Third Sunday of Easter – Year C
[Acts 5: 28-32, 40b-41; Psalm 30; Revelation 5:11-14; John 21:1-19]
In recent years, there has emerged a phenomenon that goes popularly by the name of “cancel culture”. It is a widespread form of ostracism, by which someone has their invitation to speak cancelled, is turned out of social circles or professional spheres, is boycotted or otherwise shunned, because of having said something or acted in some way that is deemed by others to be unacceptable, not in keeping with a prevailing orthodoxy. There is an attempt to “cancel” not only the opinion expressed but also the one who holds it.
If we consider this trend in the light of the Gospel for today, an urgent question emerges for us who are followers of Jesus Christ. Is there any tendency in me to “cancel”, or turn away from someone not only with whom I might disagree, but who has actually harmed me in some way? Is there room in me for mercy and forgiveness? The cancel culture around us demonstrates rather clearly that, in society generally, there is a growing absence of mercy, a lack of consideration given to redemption, to giving someone a second chance, to helping them start over when a mistake has been made. Am I allowing the way I relate to others to be shaped by this culture, or by the Gospel?
As we engage this question, let’s remember first of all that the Easter season is the Christian celebration of redemption. It is the joyful recognition that we, who are all sinners, who have all made mistakes, have been redeemed, not cancelled, by the love of God that has reached us in Jesus Christ. In the death and resurrection of our Lord, we see clearly that God has not given up on us. He has not turned his back, he has not shunned or boycotted us; rather God has drawn near with mercy that, yes, cancels our sins, but not us sinners, with a love that fully restores and continually accompanies us. As people who live from that mercy, we must be ready to extend it to others.
Now let’s turn to the Gospel text, with its wonderfully rich account of the encounter between Peter and the Risen Jesus. Their interaction unfolds around one question that Jesus poses to Peter: “Do you love me?” Close consideration of what Jesus does with this question will bring to light how he responds to the reality of our sin and thereby models how we are to respond to people who harm or offend us.

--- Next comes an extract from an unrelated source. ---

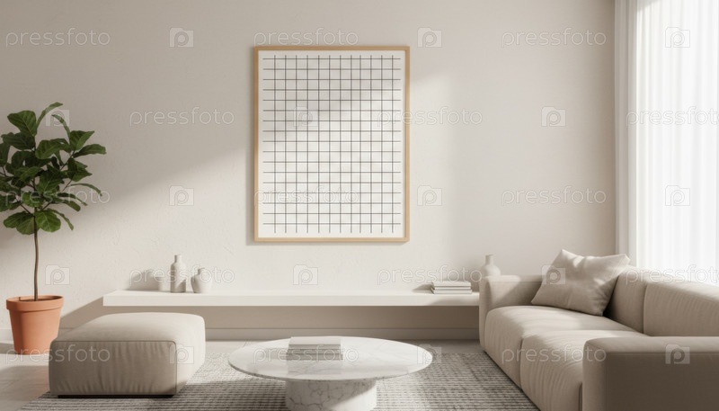 В современной минималистической гостиной есть бежевый диван и деревянная решетка с художественным принтом на белой стене с зеленым горшочным растением и мраморным кофейным столом

Bear in mind that this is the first record we have in St. John’s Gospel of a dialogue between Jesus and Peter after the Resurrection, which is to say, the first since Peter’s threefold betrayal of the Lord. We can well imagine that Peter is feeling a little sheepish, to say the least; thoroughly ashamed is likely more accurate, and wondering with trepidation what Jesus would have to say to him. The Lord’s first words were ones not of condemnation but embrace: “Do you love me?” By posing that question three times, Jesus does indeed cancel out the threefold betrayal, but he does not cancel Peter. Rather he invites him back into the relationship, to begin again in the mission to which he appointed him: “Feed my sheep.”
Whenever we come before the Lord in repentance, painfully aware of our mistakes, failings and sins, Jesus poses to us the same question: “Do you love me?” It is as if he says to us, “Don’t worry about the mistakes you’ve made or the mess you’re in. I’m God, so whatever it is I can fix it. And don’t be imprisoned by your shame and guilt. I am God, so I can forgive your sins and set you free. What I want to know is: do you love me? And are you willing to heal others with the mercy by which I restore you?” The encounter with Jesus Christ does not cancel us out but brings us back; it does not bring things to an end but launches a new beginning.
This is of enormous importance as we undertake what our baptism calls us to do: announce the Gospel of mercy in both word and deed. The love of the Lord for us and ours for him is the fire within that changes us, moves us, and keeps us motivated when mercy itself runs up against the cancel culture. Look again at Saint Peter. In the first reading from Acts, we see that he, who had been ashamed of his sin and had returned to his old way of life, is now boldly announcing God’s mercy in Christ and resisting attempts by the high priest and council to cancel his teaching. It was the love and forgiveness of the Lord that changed and sustained Peter. It is the love and forgiveness of the Lord that transforms and strengthens us as we, too, refuse to allow the Gospel of mercy to be cancelled and continue with our wonderful mission of making Jesus known by the way we show mercy to others.
On this day, let’s draw inspiration from St. Joseph as well as St. Peter. I say this because today’s liturgical feast, which honours him under the title St. Joseph the Worker, is the anniversary of the dedication of our Cathedral Basilica. St. Joseph worked to provide a home for the Holy Family. We, as disciples of Jesus, work to provide a home in our hearts and in our world for the Gospel of mercy, the good news that God cancels sin but not the sinner. To put it concretely, this means working to cancel any temptation to cancel others and to establish a culture of tenderness, compassion, and forgiveness.
So, aided by the intercession of our patron, Saint Joseph, let us open our hearts to the Lord, who draws near to us in the Eucharist. May we hear him pose to us this morning, as he does every day, the question that matters most to him, and that should matter most to us: “Do you love me?” May his mercy awaken within our hearts the answering love he seeks, and inspire us always to extend mercy to others.